Try This
$result = mysql_query("SELECT SUM(AcctInputOctets),SUM(AcctOutputOctets)
FROM radacct WHERE username = '$argv[1]' ");
this will make sure that even if $arg[1] is empty it still get '' (empty) as
part of the query
----- Original Message -----
From: "Sylvain Gourvil" <opensource_france@xxxxxxxx>
To: <php-db@xxxxxxxxxxxxx>
Sent: Wednesday, September 21, 2005 3:26 PM
Subject: Re: newbie question on PHP & Mysql...
Evert Meulie wrote:
Hi!
I've tried your suggestions, but still get the same error message.
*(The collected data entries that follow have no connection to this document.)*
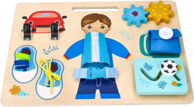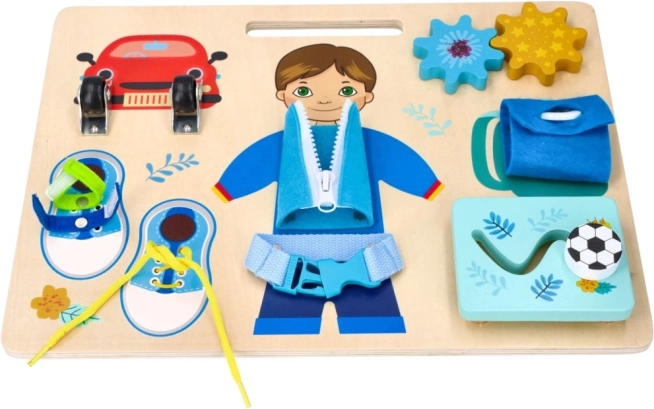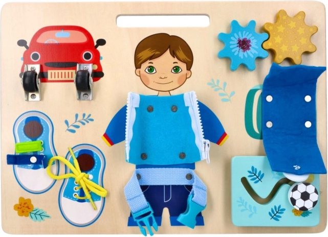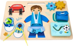 Učí šněrování bot, zapínání zipů a manipulaci s přezkami, což jsou praktické dovednosti.
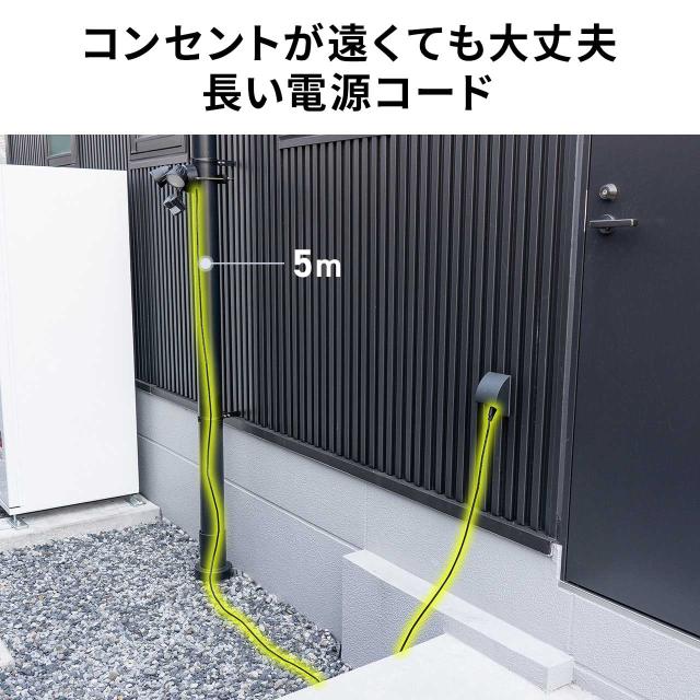 ●IPX5の防雨仕様で屋外設置に対応し、玄関、勝手口、倉庫、ガレージなどに最適です。
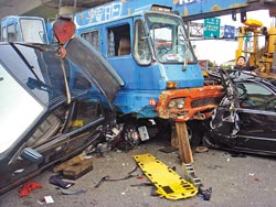 臺中縣清水鎮16日傍晚發生嚴重車禍,20噸吊車疑因剎車失靈,連續追撞12部車,現場多部汽車被撞得如疊羅漢,造成2死6傷慘劇。 來源:臺灣《中國時報》
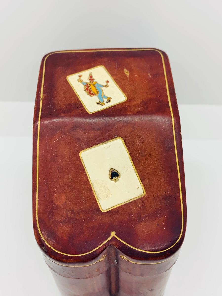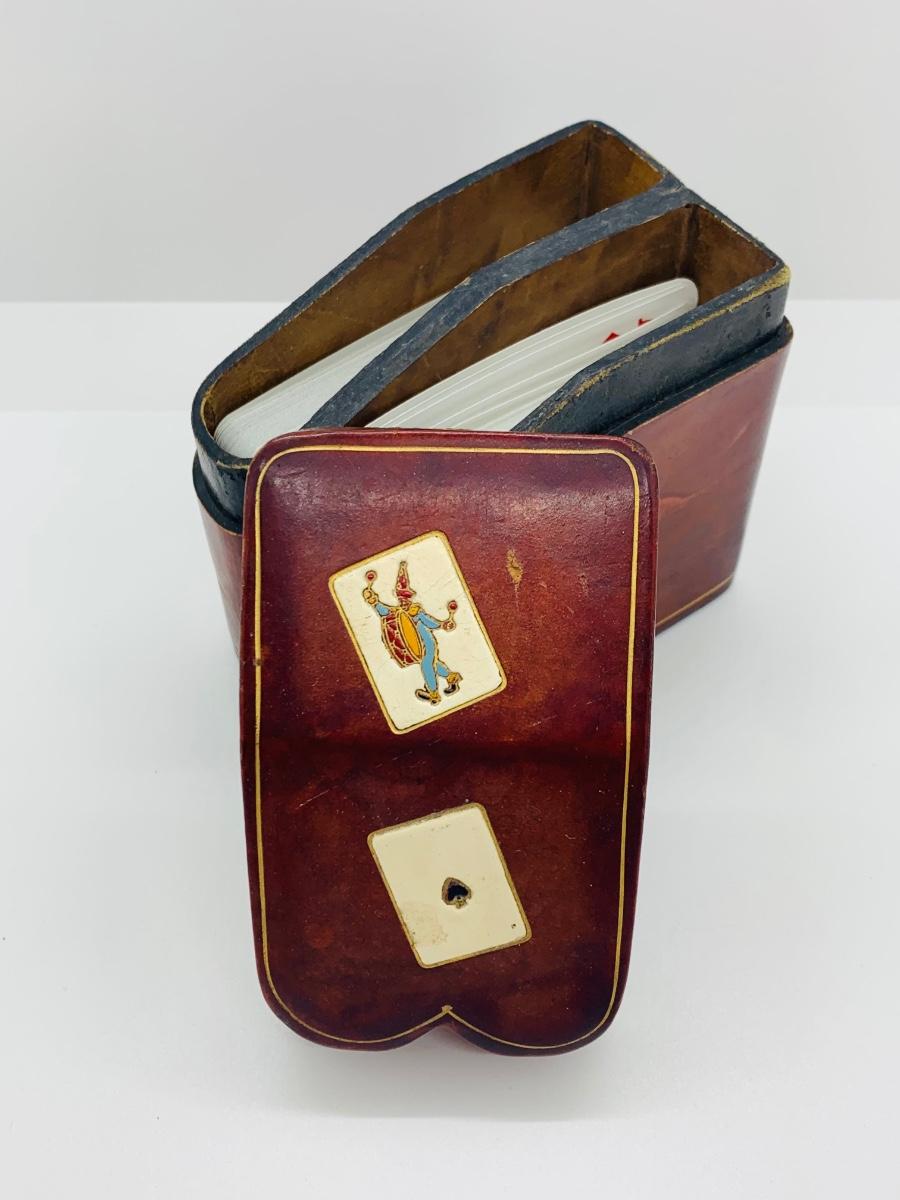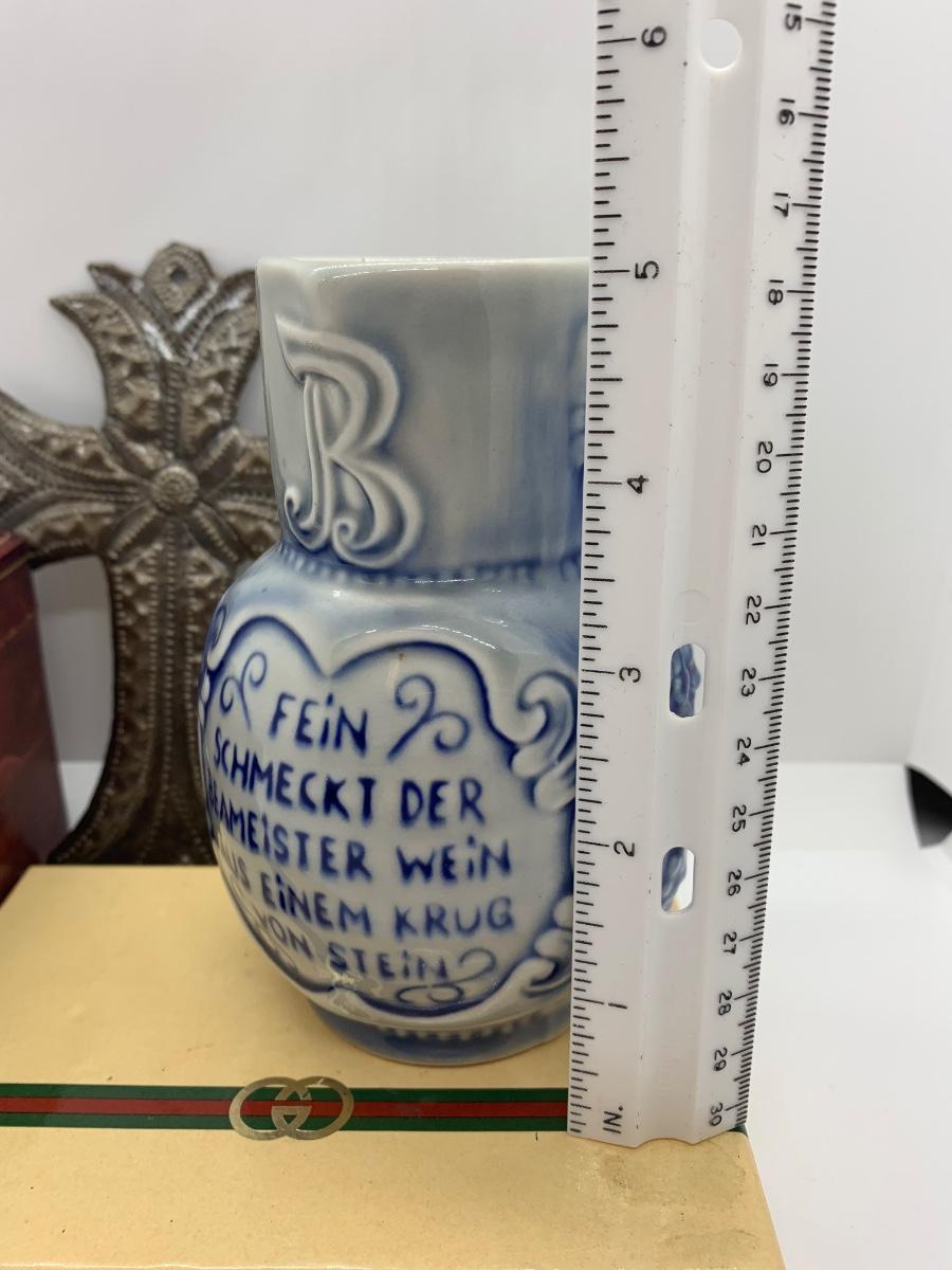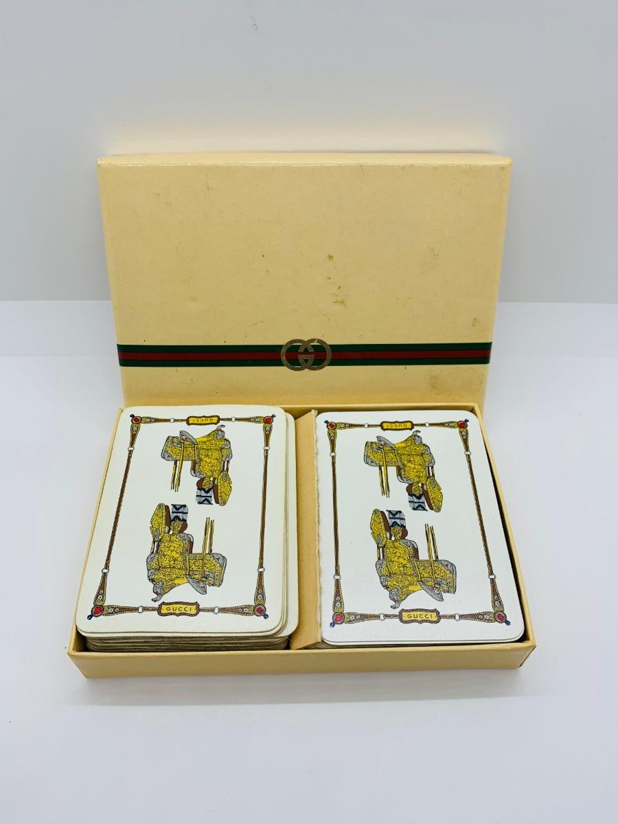 LOT 175J: Gucci Playing Cards, Leather Playing Card Case w/Cards W.Germany Salt Glaze Pitcher & Metal Cross
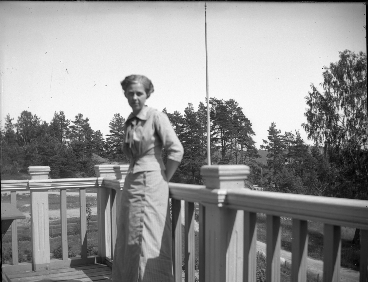 'Bildtext: ''Olga.'' :: 1 kvinna stående på verandan till ett hus, vy ut mot träd och flaggstång. :: :: Ingår i serie med fotonr. 5225:1-18. Se även fotonr. 5230:1-11.'
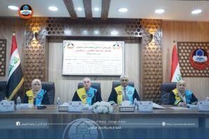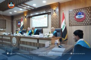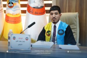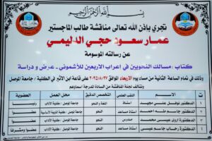 A thesis defense for “A Study of Al-Ashmouni’s Book: The Paths of Grammarians in the Grammatical Analysis of the Forty Hadith” was held by the Department of Arabic Language at the College of Arts on Wednesday, August 27, 2025. The defense was attended by the Dean of the College, Professor Dr. Hatem Fahd Al-Taie, the Head of the Department, Dr. Ahmed Saleh Younis, and a number of faculty members.
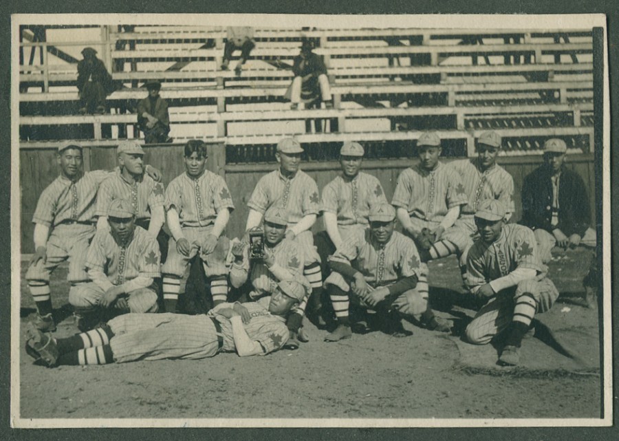 | description | Black & white outdoor photograph of thirteen unidentified Asahi baseball team members wearing full team uniform; eight sitting on the bench, four kneeling in front of the bench, one laying on the ground in front of the bench; and four unidentified persons on bleachers at [Shibaura Ground, Tokyo, Japan], [c.1921]. One of the players at the centre of photograph is holding a camera. Album page is annotated in black pen with "AFTER PRACTICE". |
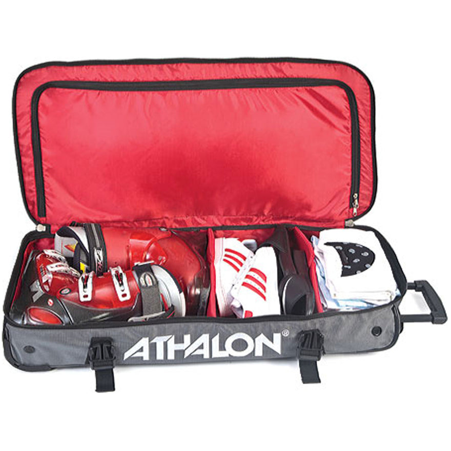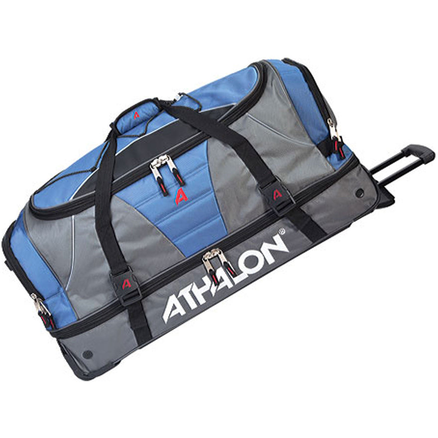 Keep all your travel essentials stylishly stowed and neatly organized in the Athalon Sportgear 32" Over/Under Wheeling Duffel. This lightweight and durable polyester and nylon blend wheeled upright suitcase features logo embroidery and a compact, structured design, and it's available in several colors. Its spacious, zippered interior has a convenient u-shaped opening and contains an over/under section that separates your shoes or boots, laundry, and equipment from your clothing and accessories. Its zippered trapdoor offers easy access to both compartments, and bungee cords on its top allow you to attach your jacket and extra gear. The Athalon Sportgear 32" Over/Under Wheeling Duffel comes with a hidden, telescoping pull-out handle with an ergonomic rubber grip for easy maneuvering.
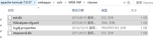- 添加 log4j.properties。拷贝 solr-4.10.3\example\resources 目录下 log4j.properties 到 apache-tomcat-7.0.57\webapps\solr\WEB-INF\classes ,目录不存在没有则创建。
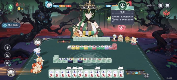 给大家说一下规则每回合摸4张,打4张总共可以摸40张牌和牌可以和4次,每次都计算分数40张牌摸完,最后计算双方的总分还有技能可以用,变牌之类的总之看起来挺有乐子的还有bgm,我在看番数牌型,突然听懂bgm唱的啥词儿
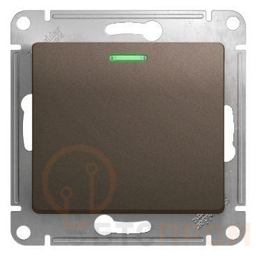 Механизм Systeme Electric (ранее Schneider Electric) серии Glossa (цвет шоколад) выключателя 1-клавишного с подсветкой подходит для сетей 250 В, на ток 10 А. - Благодаря современной светодиодной подсветке зеленого цвета изделие легко найти в темноте. - Выполнен из материала PС+ASA, стойкого к УФ-излучению и появлению царапин. - Эргономичные клеммы расположены в два ряда: сверху и снизу.
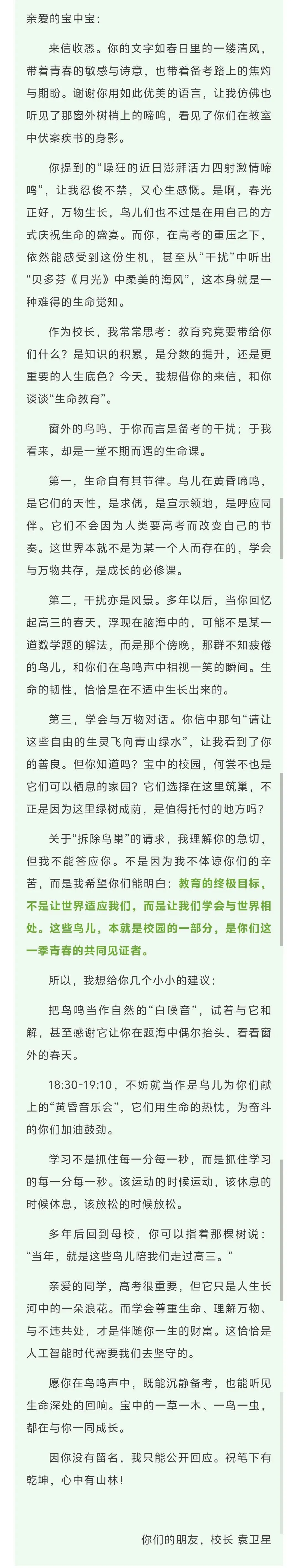 袁校长写道:“生命自有其节律。鸟儿在黄昏啼鸣,是天性,是求偶,是宣示领地,是呼应同伴。它们不会因为人类要高考而改变自己的节奏。”
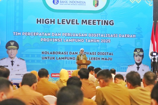 Bandar Lampung-Wakil Gubernur Jihan Nurlela membuka acara High Level Meeting Tim Percepatan dan Perluasan Digitalisasi Daerah (TP2DD) Provinsi Lampung Tahun 2025, di Auditorium Kantor Perwakilan Bank Indonesia Provinsi Lampung, Selasa (8/7/2025).
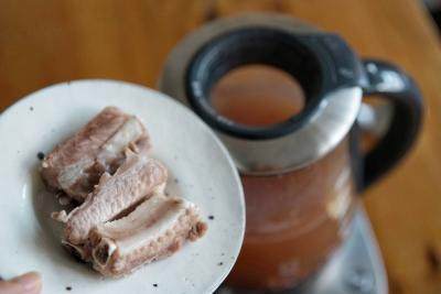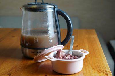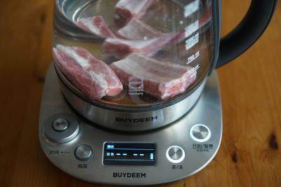 待养生壶断电后放入排骨,再次启动养生汤模式。
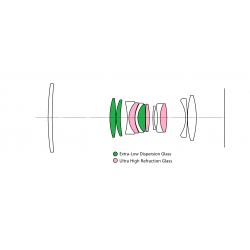 L'objectif est conçu avec 3 verres à très faible dispersion, supprimant l'aberration chromatique longitudinale et latérale dans les zones nettes et floues. Les franges violettes et les images fantômes sont réduites au minimum sur toute la plage d'ouverture. La caractéristique APO réduit considérablement le temps de post-édition, en particulier en macrophotographie.
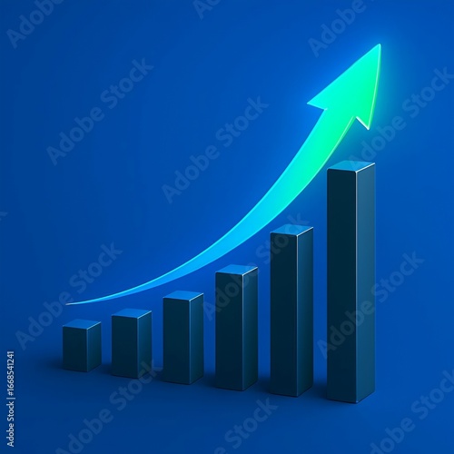 Green arrow curving upwards over a rising bar graph on a blue background
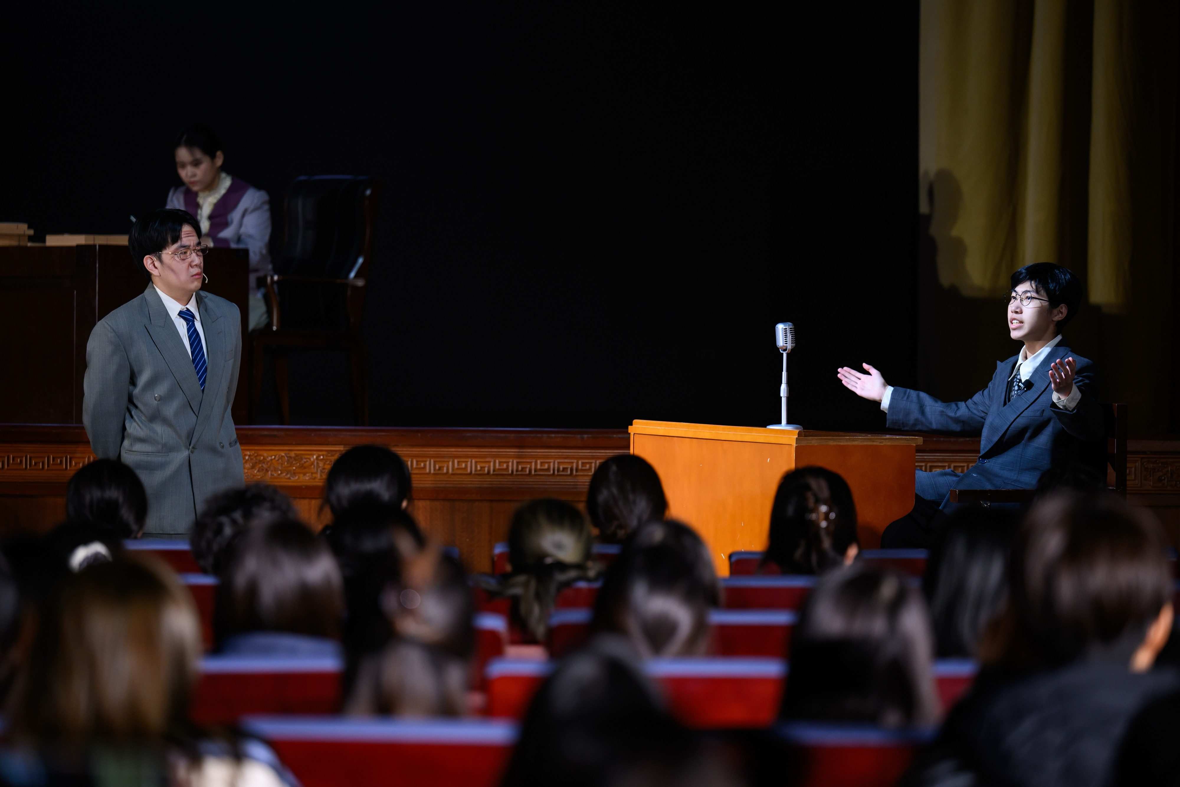 《模拟东京审判》的演员是从全校各个专业招募的,目的就是面向全体学生开展沉浸式的“历史公开课”与“思政实践课”。这种全校招募的模式,其最终成果并不仅仅是一场成功的演出展示,更是一次生动的教育创新。它让历史从书本中立体走出,让正义在思辨中愈发明晰,最终在每一位参与和观看的青年心中,埋下关于责任、理性与和平的种子。

The
'print_r($result);' that I added does not print anything, so that would
explain why I get the errors.
My idea is to call this script with a value, like:
script.php value
Doesn't that put the value in $argv[1] ?
Regards,
Evert
What do you use to execute your php scripts.
Php on linux ssh ?
Apache ?
call your script with script.php?var=value to get your value in
$_GET['var']
But even if your args are emptied, it should return an error in your
$result !
Unnawut Leepaisalsuwanna wrote:
Hi,
I guess you used a single quote over the query so the text, $argv[1],
was entered into the query rather than the value inside it.
try:
$result = mysql_query('SELECT SUM(AcctInputOctets),
SUM(AcctOutputOctets) FROM radacct WHERE username = ' .$argv[1] );
OR
$result = mysql_query("SELECT SUM(AcctInputOctets),
SUM(AcctOutputOctets) FROM radacct WHERE username = $argv[1]");
should do the trick
21nu
Sylvain Gourvil wrote:
Hi !
Could you do a "print_r($result)" after your mysql_query ?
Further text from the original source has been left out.